(Collected data)
☆ ☆ ☆ ☆ ☆ ☆ ☆
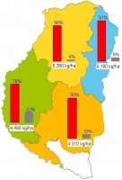 En el Mapa 1 se presente el grado de avance y el rendimiento promedio obtenido al día de la fecha en los cuatro sectores geográficos de la provincia.
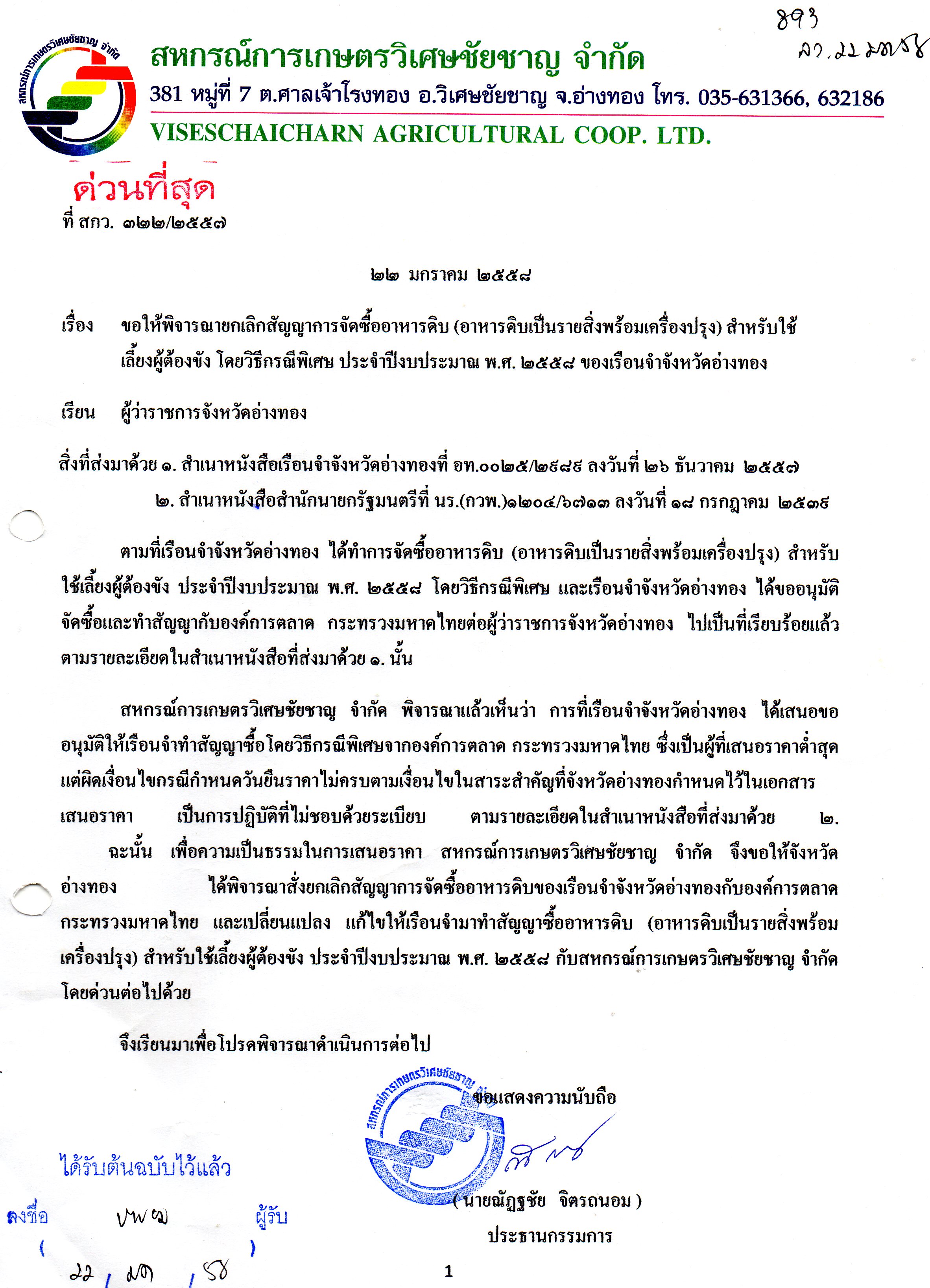 สหกรณ์ฯส่งหนังสือร้องผู้ว่าฯขอสั่งยกเลิกสัญญาจัดซื้ออาหารดิบเรือนจำอ่างทอง องค์การตลาดปีงบฯ 58 อ้างผิดเงื่อนไขสำคัญ
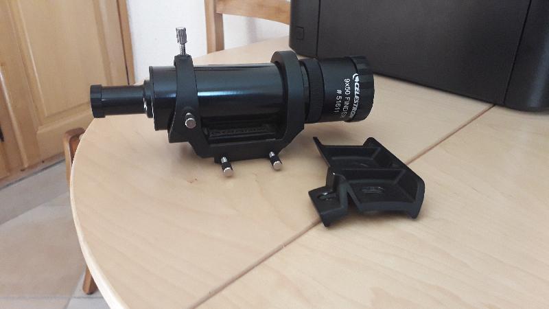 Vente pour cause dble emploi Chercheur Celestron 9x50 droit tout neuf #51611 avec support à dble collier et embase. Règlement par chèque avant envoi
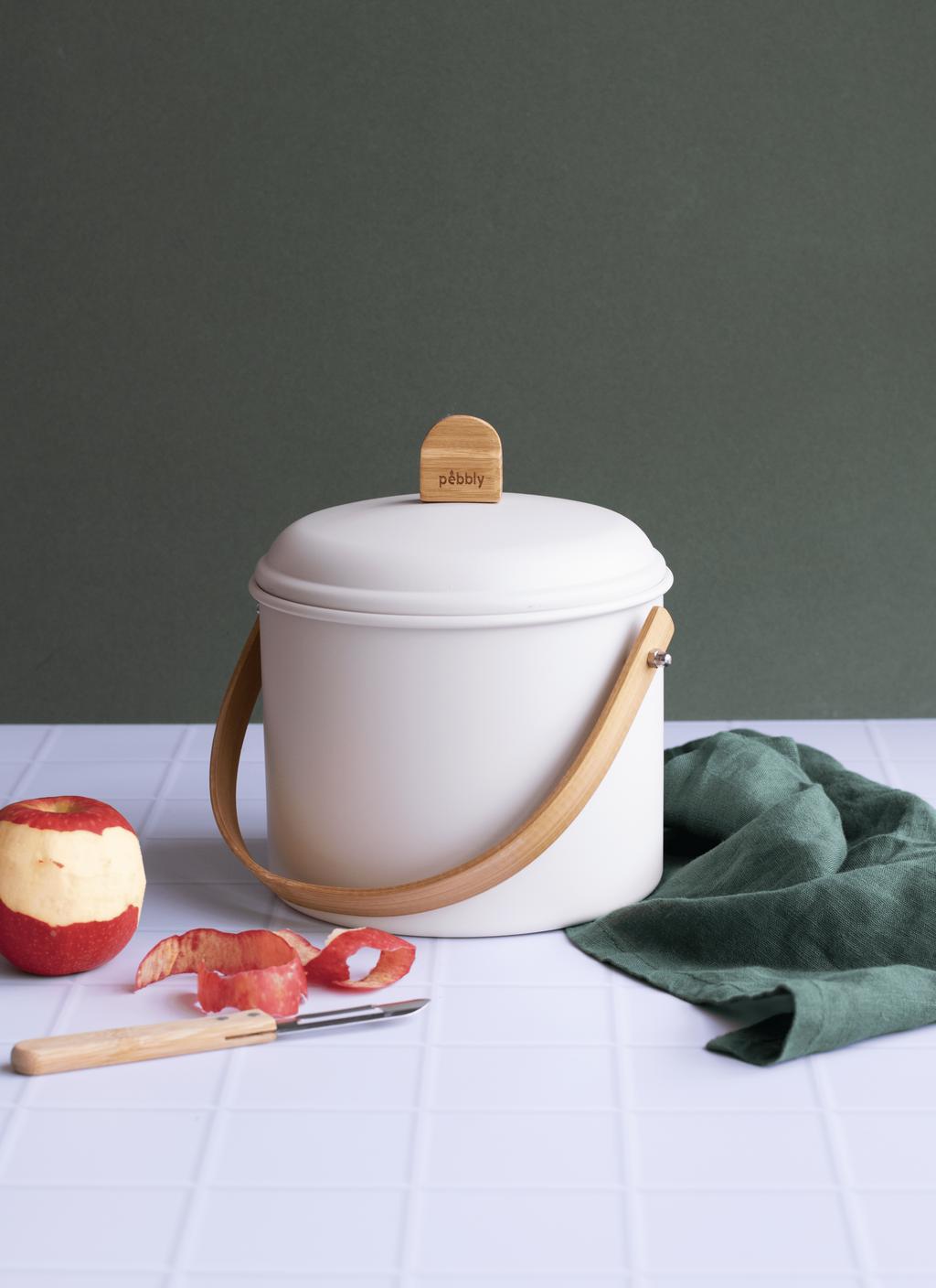 De compostbak is gemaakt van crèmekleurig metaal en in de deksel zit een filter. De robuuste handgreep is gemaakt van bamboe en rondt de moderne en elegante uitstraling optimaal af, zodat de compostbak perfect in je keuken past.
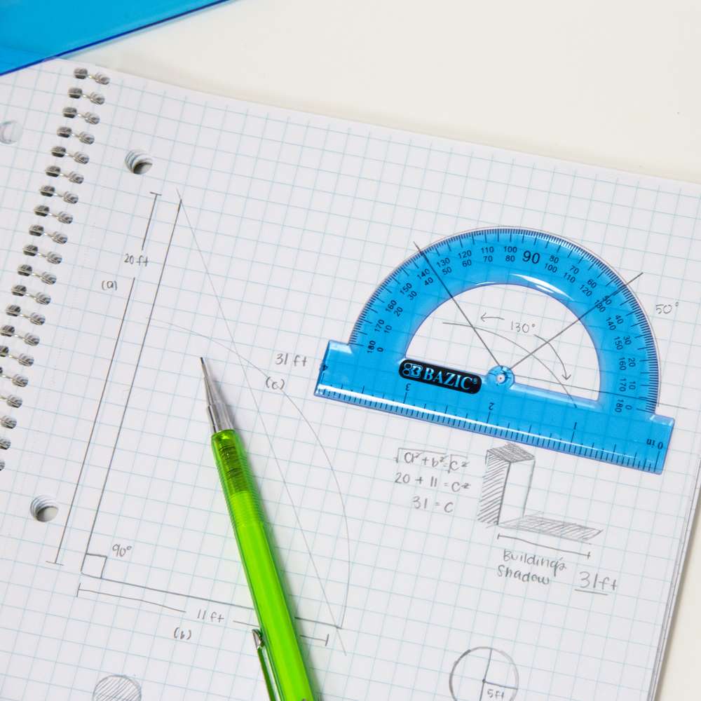 - IDEAL DRAFTING. Durable, lightweight plastic material. Bright clear color makes you measure easier, and you can see the numbers and letters on-page through the protractor
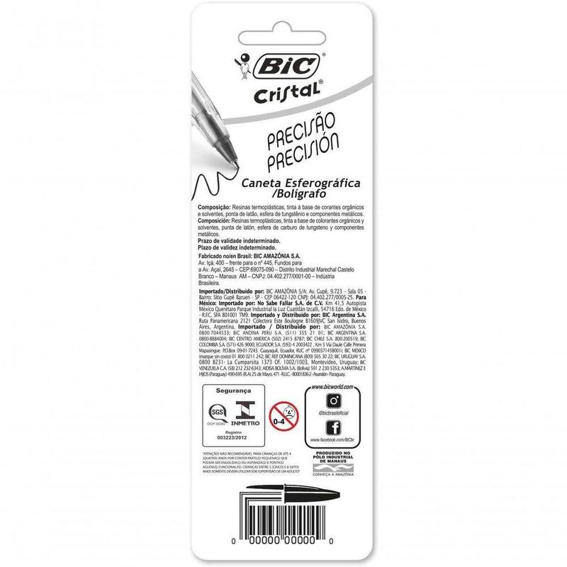 Caneta Esferográfica Ponta Fina De 0.8mm Pacote Com 3 Unidades BicCaneta Esferográfica Clássica - Alta Durabilidade e ConfortoA Caneta Esferográfica Clássica é a escolha favorita de milhares de lares, escritórios e escolas ao redor do mundo. Projetada para proporcionar conforto e eficiência, ela é perfeita para quem busca praticidade e qualidade na escrita diária.BenefíciosDurabilidade Excepcional: Escreve até 2 km sem falhas, ideal para longos períodos de uso.Escrita Suave: Tinta de alta qualidade que seca rapidamente, evitando borrões.Segurança e Sustentabilidade: Fabricada com a quantidade ideal de matéria-prima, sem PVC, garantindo segurança e respeito ao meio ambiente.Visibilidade Prática: Corpo transparente que permite monitorar o nível de tinta.CaracterísticasDesign Ergonômico: Corpo hexagonal que proporciona conforto e estabilidade durante o uso.Ponta Resistente: Esfera de tungstênio altamente durável e precisa, perfeita para uma escrita consistente.Tampa Ventilada: Conformidade com o padrão ISO, garantindo segurança em casos de uso infantil.Variedade de Cores: Disponível com tampas e tintas coloridas, facilitando a identificação.Especificações TécnicasMaterial: Livre de PVC.Comprimento de Escrita: Até 2 km.Ponta: Esfera de tungstênio.Design: Corpo hexagonal transparente.Detalhes da EmbalagemEmbalagem resistente, ideal para transporte seguro.Informações detalhadas sobre uso e características do produto.
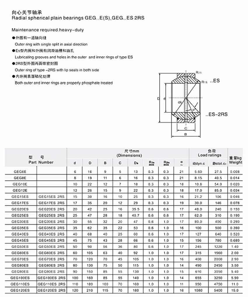 向心关节轴承GEG..E(S)系列,材质为轴承钢,表面磷化处理,淬火处理,硬度在58到62度之间,后缀只有E代表没有油槽,后缀ES代表有油槽,2RS是密封圈,参考尺寸如下:
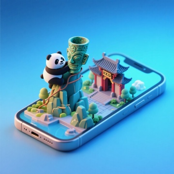 软3D风微缩艺术,熊猫与中式建筑在手机屏中萌趣互动,粘土质感融合卡通元素,展现东方美学与科技的可爱碰撞。
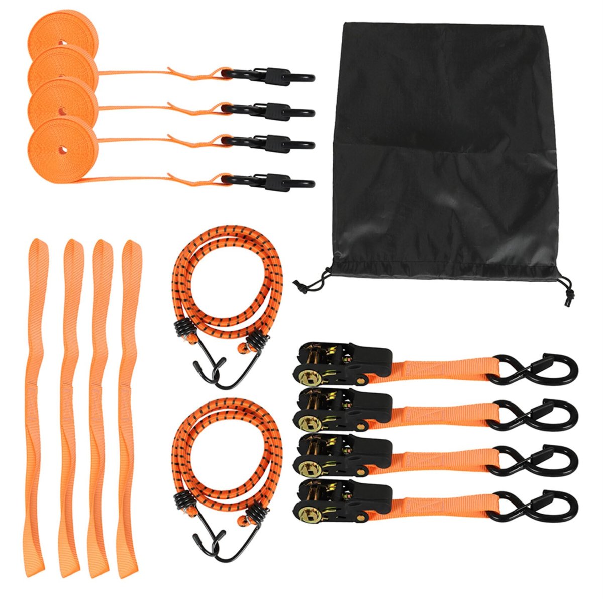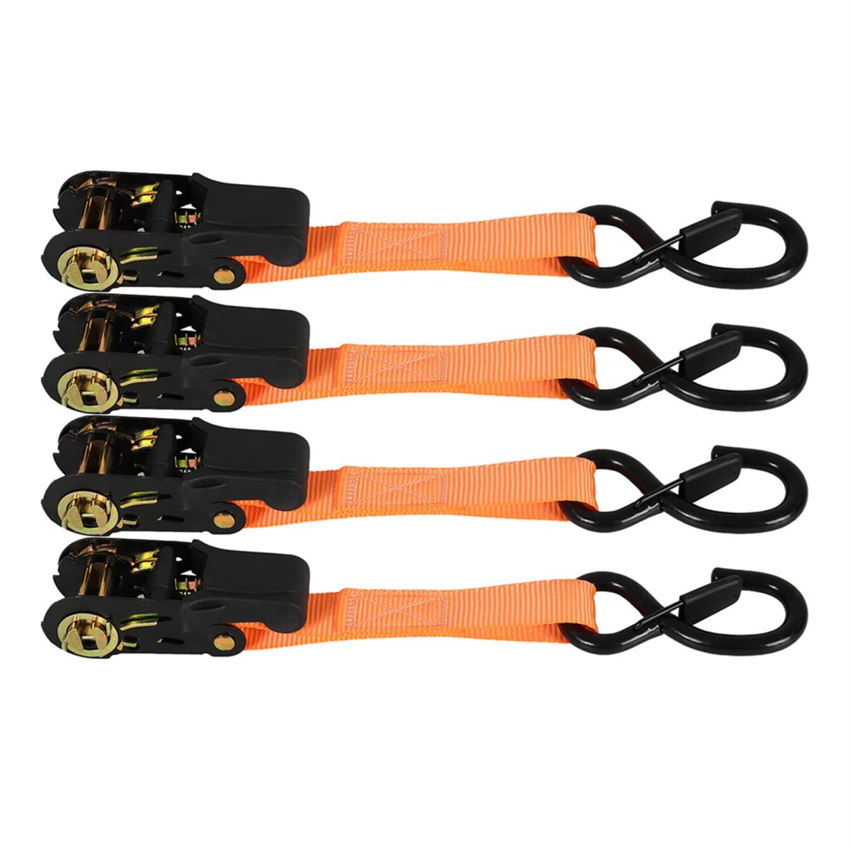 - 4pack Orange Heavy Duty 15 Ft 2200 Lb Break Strength Ratchet Tie Down Straps With Lock S Hooks Soft Loop 2 Bungee Cords 4 Loops
☆ ☆ ☆ ☆ ☆ ☆ ☆
### WORK INSTRUCTION
Nothing but an exact copy is asked for: the lines from the start of the records through the line with "De compostbak is", both ends included, minus any pictures.

### RESPONSE BELOW
 En el Mapa 1 se presente el grado de avance y el rendimiento promedio obtenido al día de la fecha en los cuatro sectores geográficos de la provincia.
 สหกรณ์ฯส่งหนังสือร้องผู้ว่าฯขอสั่งยกเลิกสัญญาจัดซื้ออาหารดิบเรือนจำอ่างทอง องค์การตลาดปีงบฯ 58 อ้างผิดเงื่อนไขสำคัญ
 Vente pour cause dble emploi Chercheur Celestron 9x50 droit tout neuf #51611 avec support à dble collier et embase. Règlement par chèque avant envoi
 De compostbak is gemaakt van crèmekleurig metaal en in de deksel zit een filter. De robuuste handgreep is gemaakt van bamboe en rondt de moderne en elegante uitstraling optimaal af, zodat de compostbak perfect in je keuken past.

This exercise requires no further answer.